The copy you get with the purchase of your new eMac will be serialized for that computer... Therefore you can only use it on that computer... If you bought a copy of Panther separately it wouldn't be—therefore you could install it on as many computers as you like- though Apple does not want you to do that, & would prefer you buy a family pack for multiple computers... I'm pretty sure that is the way it works- if that's wrong someone please correct me...

that is incorrect. The OS X disc that comes with the emac will work just fine on the old G4. It is illegal to use the emac disc for the G4 of course (though I would argue, not really immoral) but you *can* do it.

However, I would not recommend putting OS X on a machine that slow. I know some people do it, but IMHO, the snails pace at which it will run will negate any positive user experience that you would get from upgrading.
 
stoid said:
I have an older 733Mhz Quicksilver G4 tower with 80GB 7200RPM HD and 384MB of RAM. The newly out eMacs look to be great deal, as I am not the kind of person that likes to fiddle with the innards of my computer unless necessary. Please help me to discuss the pros and cons of upgrading my current tower vs. buying a new SuperDrive eMac. Since I find my tower to still be more than adequate, should I keep it for another year or two until it is not useful to me and then upgrade?

PS. I am an educator, so any Apple store purchases will reflect education discounts.

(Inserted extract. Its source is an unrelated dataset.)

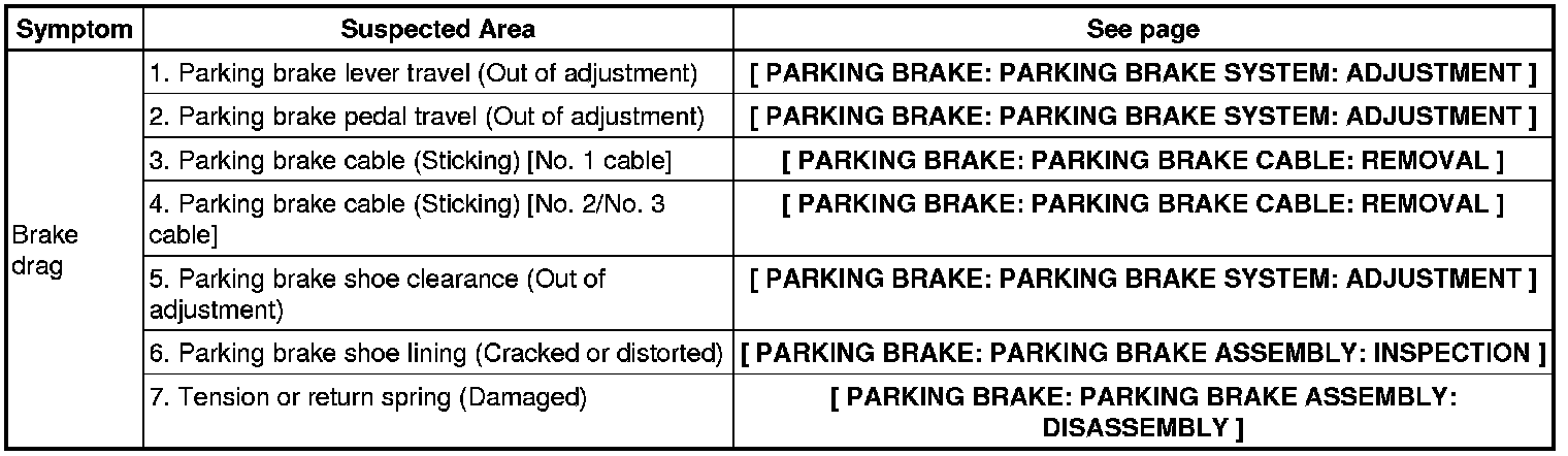 PARKING BRAKE: PARKING BRAKE SYSTEM: PROBLEM SYMPTOMS TABLE

is your present computer lacking in its ability to take care of your computing needs? if it is, your answer is simple.
 
QCassidy352 said:
It is illegal to use the emac disc for the G4 of course (though I would argue, not really immoral) but you *can* do it.
/QUOTE]

How is it not immoral...If you buy one book for your den's bookcase is it ok to steal another copy for your bookshelf in your bedroom. That is what one is doing when putting the same software on two computers when only owning one license. Just because it is a product that can be duplicated so easily doesn't mean it is just or right to copy it.

:mad:
 
Original poster--if you're happy with the performance of your current computer, don't upgrade. Actually I don't think an eMac is an upgrade over a Quicksilver--it's a lateral move at best.

QCassidy352, I don't see how OS X, a G4 350, and a snail's pace all go together. The guy is light on RAM but if he takes care of that his computer will run OS X just fine. I run it on 2 G4s just a bit faster than that and it's great. I also run it on G3s slower than that and it's fine.
 
The only real complaint I have at this time is over GarageBand being slightly below par, but I'd imagine with a RAM upgrade, that'll be easily fixed. I guess I should expect that it's going to not burn through everything anymore since it is nearly 3 years old. And QCassidy, Mac OS 10.3 flies on it beautifully. In fact, the IT department at the high school is switching even all of our old Ruby iMacs to Panther this summer. I would say that other than the high RAM requirement Panther is almost as fast as 9, not to mention all the awesome new features.